The three-year study looked at the value of providing 1 lb./day of 28% protein supplement to cows grazing both dormant winter forage and cornstalks. The supplementation was provided three times a week from Dec. 1 to Feb. 28, the last trimester of pregnancy. Following the winter grazing period, cows were managed in a common group and fed hay and a protein supplement. During the trial, half the cows grazing winter pasture were given a supplement and half weren't. Likewise, half the cows grazing cornstalks were supplemented and half weren't.

Cow effect minimal

The effect of protein supplementation on the cows was minimal, with a few notable exceptions, Funston reports. For cows grazing winter range, a significant percent of the supplemented cows calved in the first 21 days of the calving season, compared with the non-supplemented cows — 83% vs. 62%, respectively. Cows on stalks showed no difference — 78% of the cows in both the supplemented and non-supplemented groups calved in the first 21 days.
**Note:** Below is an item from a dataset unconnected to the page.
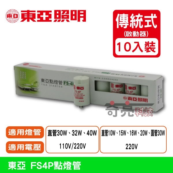 東亞 FS-4P / 1P 10入裝 日光燈管點燈器 啟動器 點燈管 110V【奇亮科技】含稅附發票

But, calf birth weight was greater for cows grazing stalks compared with winter range and tended to increase with supplementation. “This is somewhat surprising,” Funston says, “because previous research using the same cow herd did not find differences in calf birth body weight due to supplementation of dams grazing winter range.”

In addition, pre-breeding cow body weight and body condition scores (BCS) increased in cows grazing corn residue and receiving supplementation. Cow body weight at weaning and BCS were not affected by supplementation, but cows that grazed cornstalks the previous winter were heavier at weaning than those that grazed winter range, despite similar BCS.

Fetal programming effect

The real effect of protein supplementation was seen in calves, and that effect began while calves were still unborn, Funston says. Steers from supplemented cows tended to have heavier final weights in the feedlot and heavier hot carcass weights in the packing plant.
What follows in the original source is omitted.